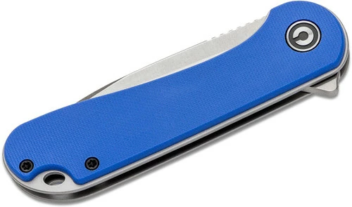 This model of the CIVIVI Elementum features a blue G-10 handle and a satin finished D2 tool steel blade.
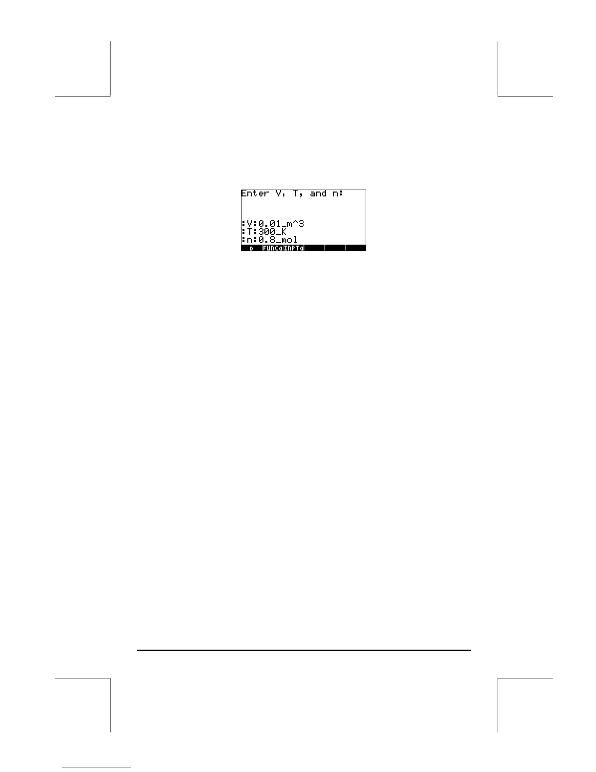 Enter values of V = 0.01_m^3, T = 300_K, and n = 0.8_mol. Before pressing
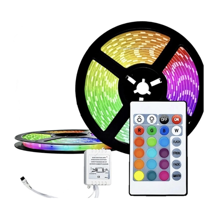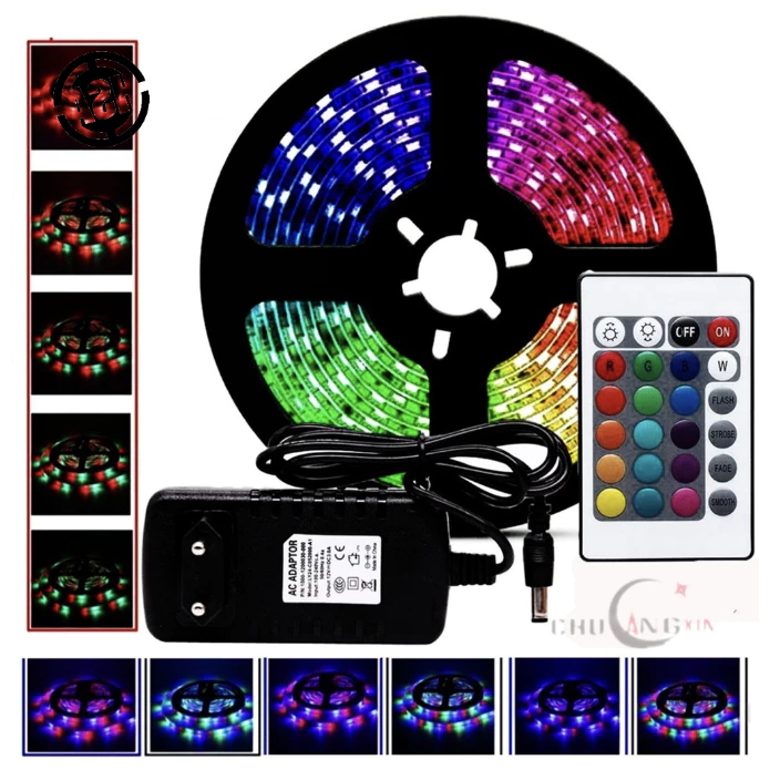 Fita led com controle e fonte led rgb 5050 ip65 5 metros
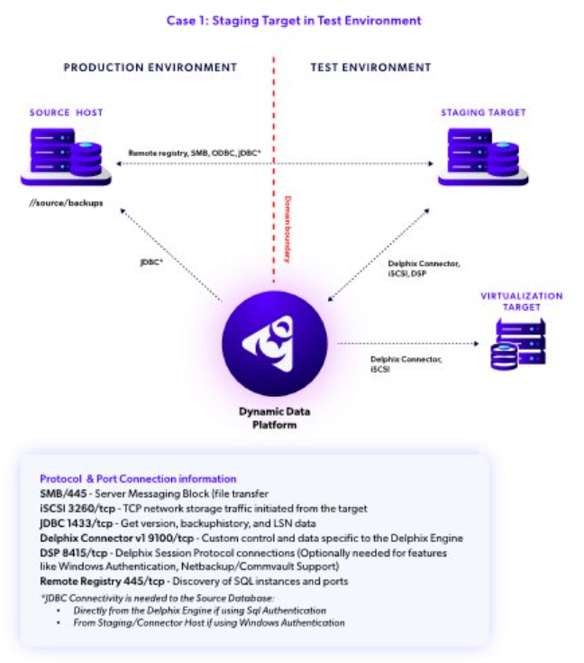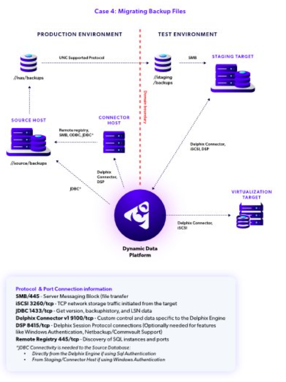 Although this option is not specific to this case, you may notice we separated a connector role to its own connector host. As you can infer from the diagram, the Delphix Connector’s primary function on that host is the discovery of the source environment via remote registry and ODBC calls. Despite the fact that there are no software installation requirements for the source hosts in PRODUCTION, it may be helpful to note that you can even install this role directly on the source server for consolidation if you want to.
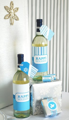 Wine bottles bottles wrapped with our printed favor tag/label were embellished with silver cording and logos from our collection.

# # # # #

> _Task item_: Everything from the first line of the records through the line containing "Fita led com" should be reproduced exactly, apart from the pictures.

> _Exercise output_:
 This model of the CIVIVI Elementum features a blue G-10 handle and a satin finished D2 tool steel blade.
 Enter values of V = 0.01_m^3, T = 300_K, and n = 0.8_mol. Before pressing
 Fita led com controle e fonte led rgb 5050 ip65 5 metros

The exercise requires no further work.